The PARIGA Server for Real Time Filtering and Analysis of Reciprocal BLAST Results

Abstract

BLAST-based similarity searches are commonly used in several applications involving both nucleotide and protein sequences. These applications span from simple tasks such as mapping sequences over a database to more complex procedures as clustering or annotation processes. When the amount of analysed data increases, manual inspection of BLAST results become a tedious procedure. Tools for parsing or filtering BLAST results for different purposes are then required. We describe here PARIGA (http://resources.bioinformatica.crs4.it/pariga/), a server that enables users to perform all-against-all BLAST searches on two sets of sequences selected by the user. Moreover, since it stores the two BLAST output in a python-serialized-objects database, results can be filtered according to several parameters in real-time fashion, without re-running the process and avoiding additional programming efforts. Results can be interrogated by the user using logical operations, for example to retrieve cases where two queries match same targets, or when sequences from the two datasets are reciprocal best hits, or when a query matches a target in multiple regions. The Pariga web server is designed to be a helpful tool for managing the results of sequence similarity searches. The design and implementation of the server renders all operations very fast and easy to use.

Introduction

The BLAST program is at the base of a plethora of sequence similarity studies from genomics to proteomics. Ortholog-based function prediction [1], detection of the presence of similar domains in different proteins [2] and of common exons among alternatively spliced isoforms [3], [4], analysis of the presence of common regulatory signals in potentially functionally related proteins or genes [5], [6] are just some of most common problems that can be answered by carefully analysing the results of different database searches.

BLAST related tools are available both for downloading [7], [8] and by web applications [9], [10]. While the former is a more flexible scenario and allows users to perform searches against local customized databases, the latter usually just permits to query available databases (e.g. nr, uniprot, ESTdb, etc.), but generally provides a more structured result report. The first solution generally requires additional packages or ad-hoc solutions to manage and post-process BLAST results especially for long and complex queries. Several stand-alone tools are available (some examples are: Bioperl [11], Moulder [12], Zerg [13], Museqbox [14]). They run locally, offer both simple and complex ways of filtering results (mainly on the basis of parameters such as as e-value, similarity, etc.) and return parsed results as flat files or in a spreadsheet format. These packages generally have good performances in terms of speed and flexibility but require a certain level of computer knowledge. They have to be installed and often work in a command line fashion. Alternatively, some stand-alone tools as NOBLAST-JAMBLAST [15] and Batch Blast Extractor [16] provide a graphical interface to manage the results; they also run locally, are platform independent and do not require any computer knowledge.

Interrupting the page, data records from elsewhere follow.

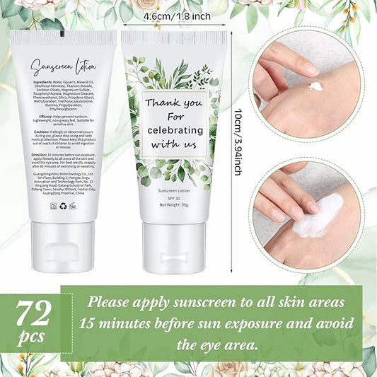 72 Pcs Mini Sunscreen Bulk for Summer Party Wedding SPF 30 Water Resistant Sunscreen Lotion Bulk 1oz Travel Size for Thank You Gifts Summer Party Wedding Supplies(Eucalyptus)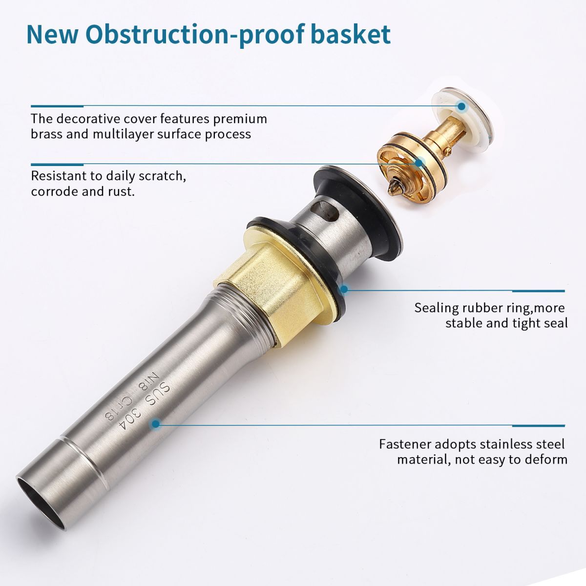 Pop-Up Drain Stainless Steel With Overflow Anti-Clogging For Vessel Sink Lavatory Vanity Sink Drain With Strainer Basket, Matte Black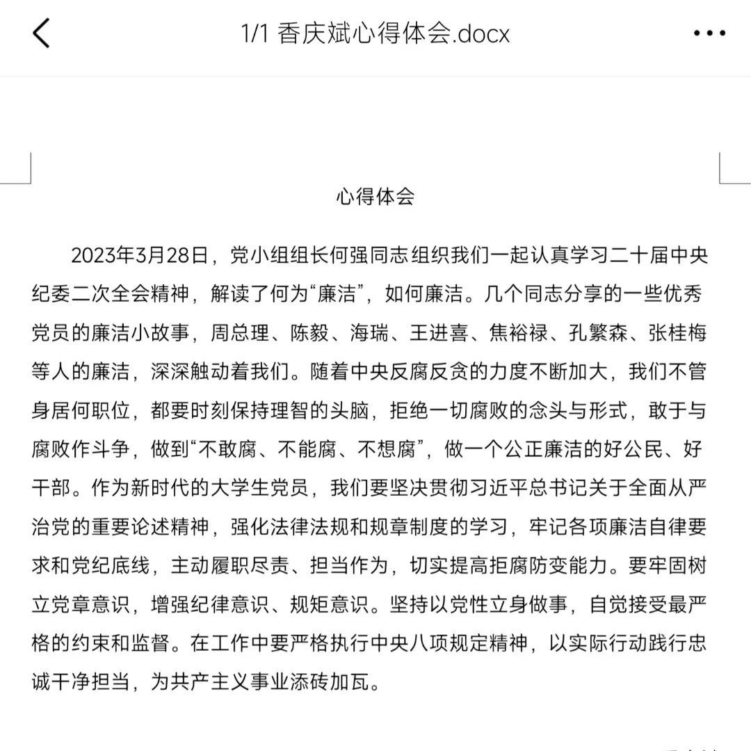 香庆斌同志表示,作为新时代的大学生党员,我们要坚决贯彻习近平总书记关于全面从严治党的重要论述精神,强化法律法规和规章制度的学习,牢记各项廉洁自律要求和党纪底线,主动履职尽责、担当作为,切实提高拒腐防变能力。要牢固树立党章意识,增强纪律意识、规矩意识。坚持以党性立身做事,自觉接受最严格的约束和监督。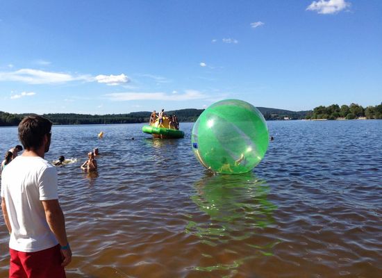 Aplouf es el especialista para sus risas en familia a orillas del lago de Vassivière Ubicados en la playa de Vauveix, podrás encontrarnos todos los días para remar en familia, poner a prueba tu equilibrio o chapotear y divertirte en los juegos de agua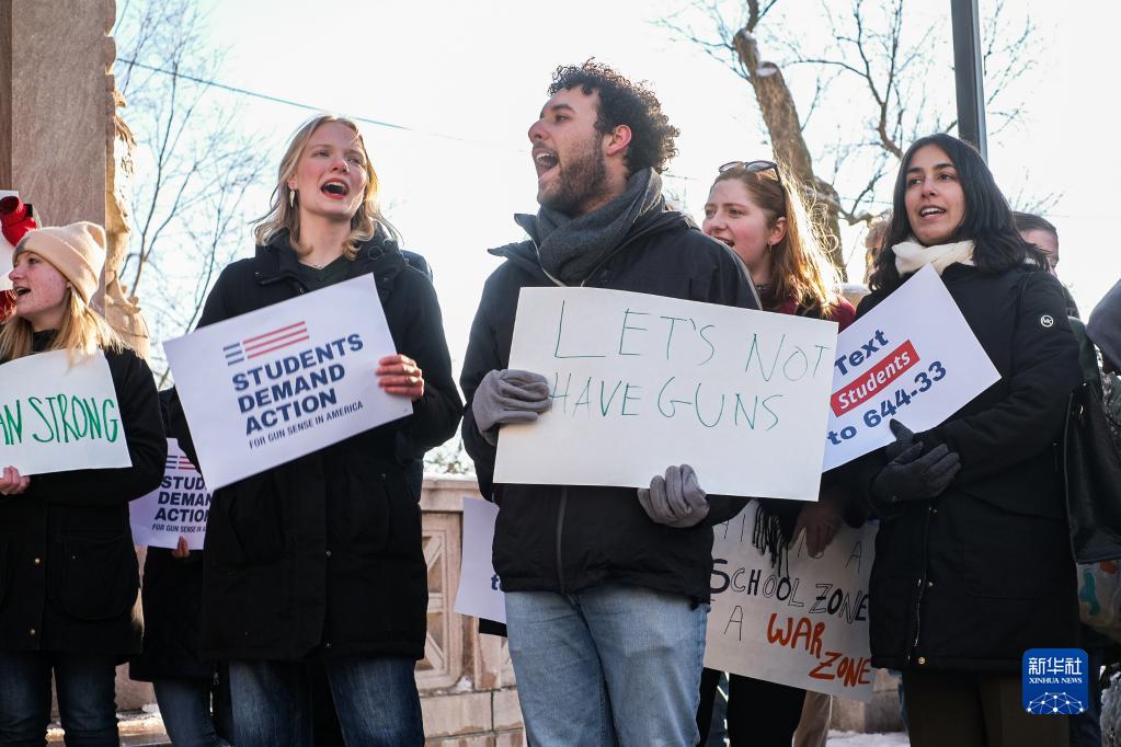 2月24日,在美國馬薩諸塞州波士頓,當地學(xué)生參加反槍支暴力集會(huì ),悼念密歇根州立大學(xué)槍擊事件受害者。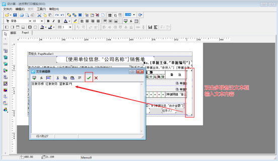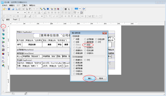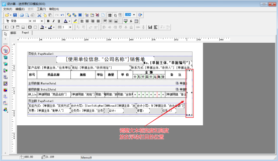 首先進入模板設計器界面(開單界面打印按鈕下點擊打印格式設計,在打印格式設計界面選擇模板點擊設計格式進入設計器界面),點擊左側工具欄的“插入邊條”,選擇“浮動”位置放到多聯備注處,包圍備注內容,如下圖所示:

NOBLAST-JAMBLAST requires a MySQL server to be installed. This allows the user to sort and filter BLAST results and to perform queries on them via a graphical interface. An additional class of programs (BOV [17], PLAN [18], nuclearBLAST [19]) are available via web (or require a web server installation on Linux platform), let the users upload their own BLAST results as plain text files, and provide a user-friendly environment to filter and analyse the results. These applications generally work by storing BLAST results in a relational database, which, contrary to the case of NOBLAST-JAMBLAST [15] is not accessible to the user.

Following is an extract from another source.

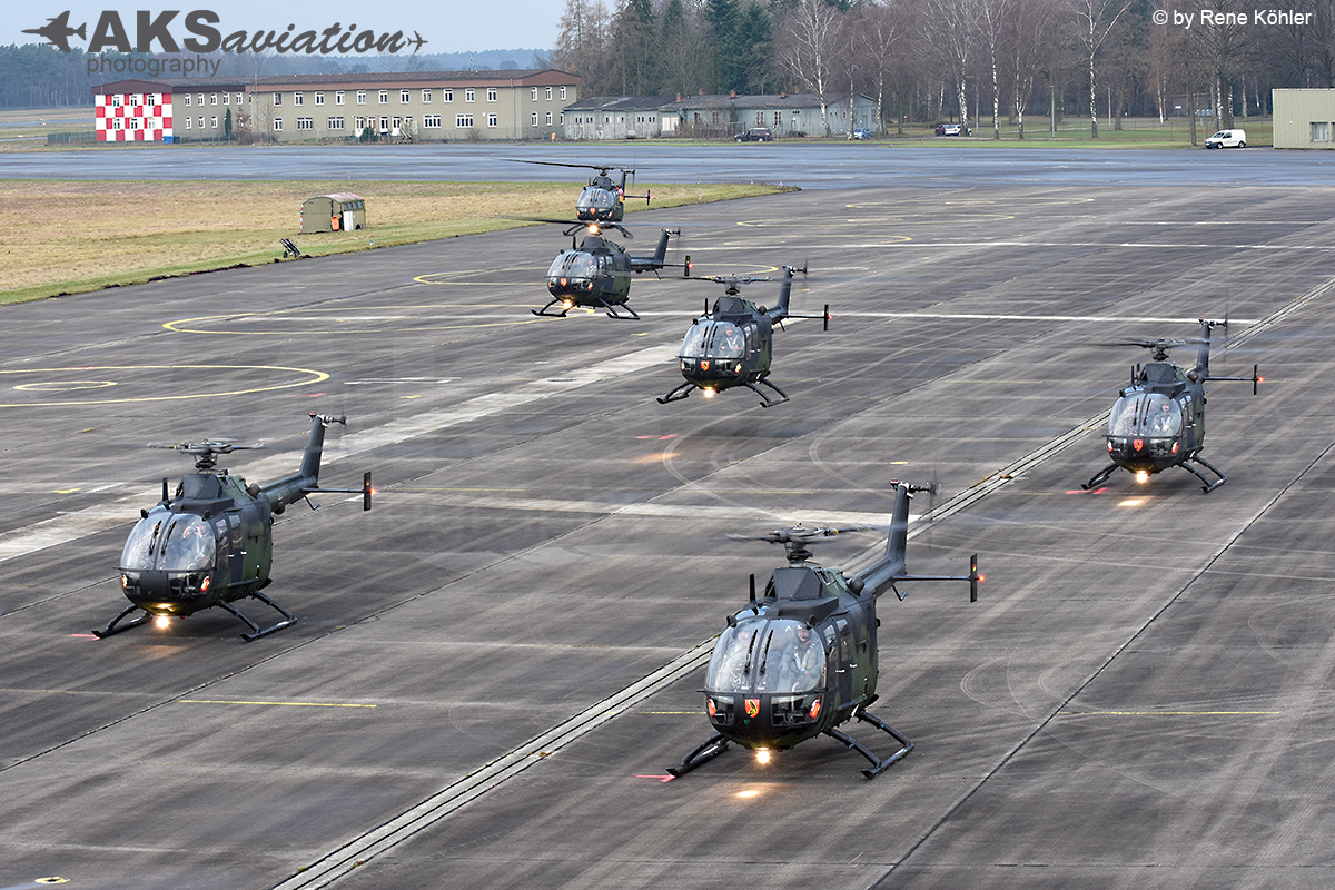 Den Anfang machte die Heeresfliegerunterstützungsstaffel 1 aus Holzdorf. Sie hatten mit dem Flyout im November 2012 und die Auflösung der Staffel Ende 2013 damit begonnen ihre Hubschrauber an andere Verbände zu übergeben. Vorher schon verloren Verbände wie das Mittlere Transporthubschrauber Regiment 15 in Rheine Bentlage ihre VBH Bo´s. 2013 wurde dann auch das Heeresfliegerregiment 26 im fränkischen Roth aufgelöst und die verbliebenden Bo´s auf die Standorte in Fritzlar und Celle verteilt. Im selben Jahr wurde auch die Heersfliegerverbindungd- und Aufklärungsstaffel 100 in Celle aufgelöst. Im Dezember 2014 gab dann auch das Kampfhubschrauberregiment 36 „Kurhessen“ aus Fritzlar ihre Bo 105 nach Celle ab und stellt komplett auf den Eurocopter Tiger um.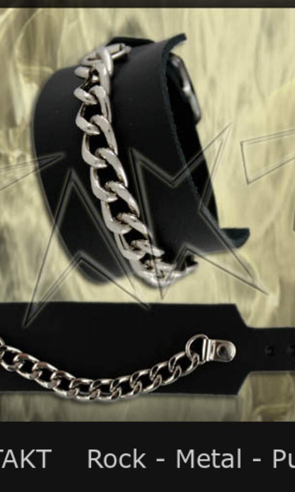 Kožený opasek na ruku . Barva: černá, zdobený je jedním řetízkem z kovu se zapínáním na sponu taktéž z kovu. Jeho rozměry jsou cca : šířka 4 cm, regulovatelná délka zapnutí na zápěstí cca 16 cm - 21 cm.

Available packages and web services are designed to simplify the use of database search tools for both programmatic and manual usage and all of them have specific features that make them appropriate for specific applications. However, so far, no tool is available for reciprocal blasting of two user defined sequences dataset and for an easy mining of results in an efficient and user friendly fashion. Yet, this is not an uncommon need in biology [20][25].

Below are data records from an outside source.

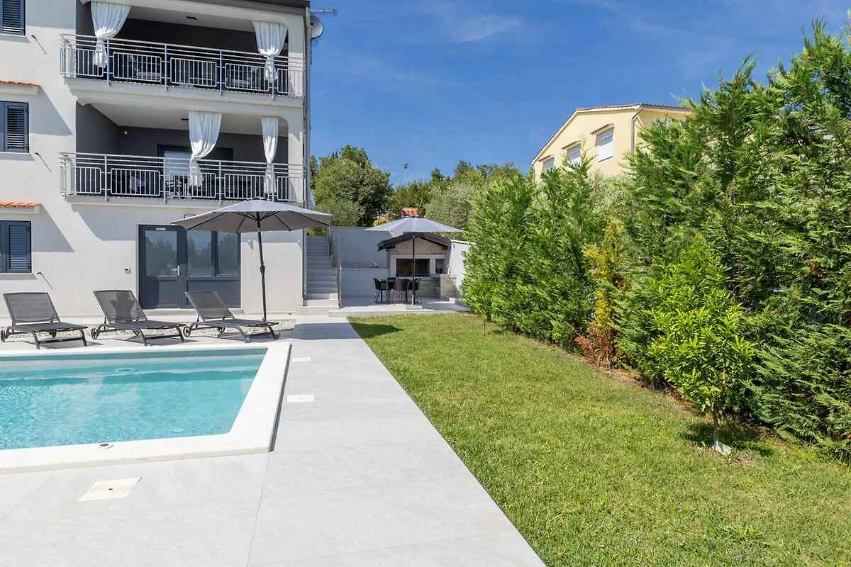Einkauf 3 km, Restaurant 500 m, Ortszentrum 3 km. Flughafen in Pula 40 km. Geldautomat 5km, Marktplatz 7km (Porec), Busbahnhof 10 km. Im Sommer: Bademöglichkeit (Strand 5 km in Zelena Laguna).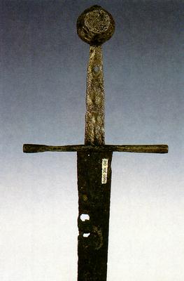 Držak bez obloge završava masivnom okruglom glavicom koja je s obje strane brušena. Križnica ravna, četverobrida, s proširenim krakovima. Sječivo šire, dvobrido sa žlijebom po sredini.
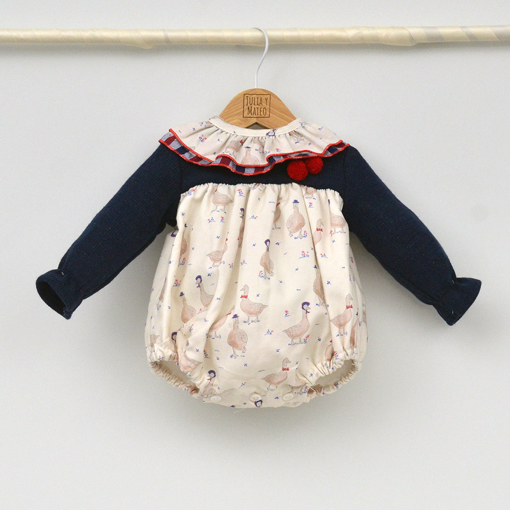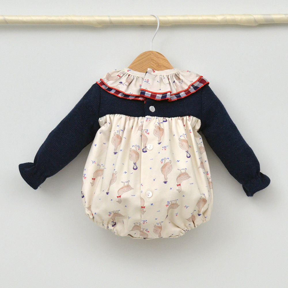 Composición: Ranita: tela estampada: 100% algodón, tela marino: 85% poliéster, 15% rayon, forro tela espampada: 67% poliéster, 33% algodón.
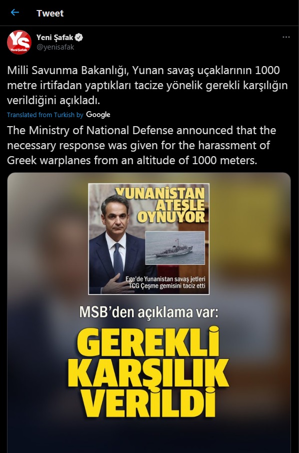 Το τουρκικό πρακτορείο ειδήσεων, επικαλούμενο πηγές του Τουρκικού Υπουργείου Άμυνας, υποστηρίζει πως «δόθηκε η πρέπουσα απάντηση» στα ελληνικά F-16, που πλησίασαν σε απόσταση χιλίων μέτρων.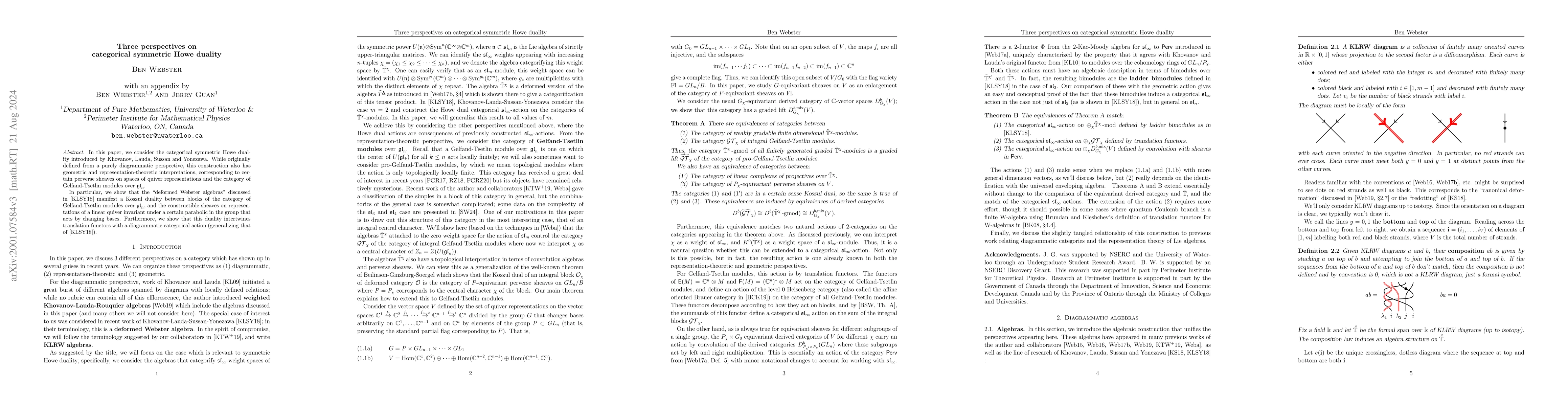 This paper explores categorical symmetric Howe duality from diagrammatic, geometric, and representation-theoretic viewpoints, showing a Koszul duality between Gelfand-Tsetlin modules and quiver representations, and linking translation functors with a diagrammatic categorical action. An appendix by the author and Jerry Guan provides additional insights.

This led us to develop a powerful tool, named PARIGA (it comes from the Sardinian idiom: “a pair of”), that, given two user selected protein and/or nucleotide datasets, performs all-vs-all reciprocal BLAST searches [7] using each member of the first set as a query and the second set as the target database and vice versa and permits to quickly filter and analyze the results. It enables the user to interrogate and compare intra- and inter- BLAST results by performing logical operations on them. Moreover, the web implementation allows directly the parsing of BLAST results. The action of filtering is performed in real-time and it is completely reversible since it acts at level of results visualization; thus, it does not require additional computational steps and it does not provoke loss of data at each filtering phase.

Methods

In our system, the BLAST outputs are stored in a python-serialized-objects relational database by a dedicated version of a python package named BlaSTorage [26]. In short, the system works by generating and manipulating a universal data structure, a JSON (JavaScript Object Notation) object, which is a lightweight data-interchange format, for each of the BLAST outputs generated with the Blast+ implementation [27]. The JSON object does not contain the alignments (the largest part of the outputs), while a dynamic generation of javascript code is used to keep the size of these objects rather small. Furthermore, searches, ranking and filtering operations can be performed on the client rather than on the server side thereby substantially improving the speed of response. In other words, the technical implementation of the system is such that the interactions between the user and the server are kept to a minimum. Although, in principle, the allowed size of the dataset is unlimited, in the current release we encourage an upper limit on the size of the two input files (an amount of 1000 proteins of about 300 residues each corresponds to about 100 MB of transferred JSONs), but it should be noted that this is only due to the limitations in the browser capability of displaying large amount of data (client-side), rather than to the computational load (server-side).

Results and Discussion

The two datasets can be uploaded by the user who can select the desired traditional BLAST parameters (word size, expected e-value, gap-open and extension, etc.). The visualization of each of the BLAST results is very similar to the standard tabular BLAST output with the possibility of retrieving the alignment by clicking on the entry name. Summary table, statistics and a graphical summary of matches can be viewed by clicking on the appropriate icon in the table header. Two additional columns have been added to the traditional schema, named coverage and inv-cov. These indicate the fraction of the query and the subject involved in the alignment, respectively. Two novel key functionalities have been implemented. First of all, the results can be visualized and filtered in real time according to parameters such as similarity, coverage, e-value etc. (Figure 1, left panel). Second, since results are stored in a hidden database structure, the user can easily perform logical operations on them by simply selecting one of the options COMMON, CROSS and MULTIPLE (Figure 1, right panel, and schema in Figure 2).

thumbnail
Figure 1. Real Time Filtering and Logical Operations. (Left) Real Time Filtering.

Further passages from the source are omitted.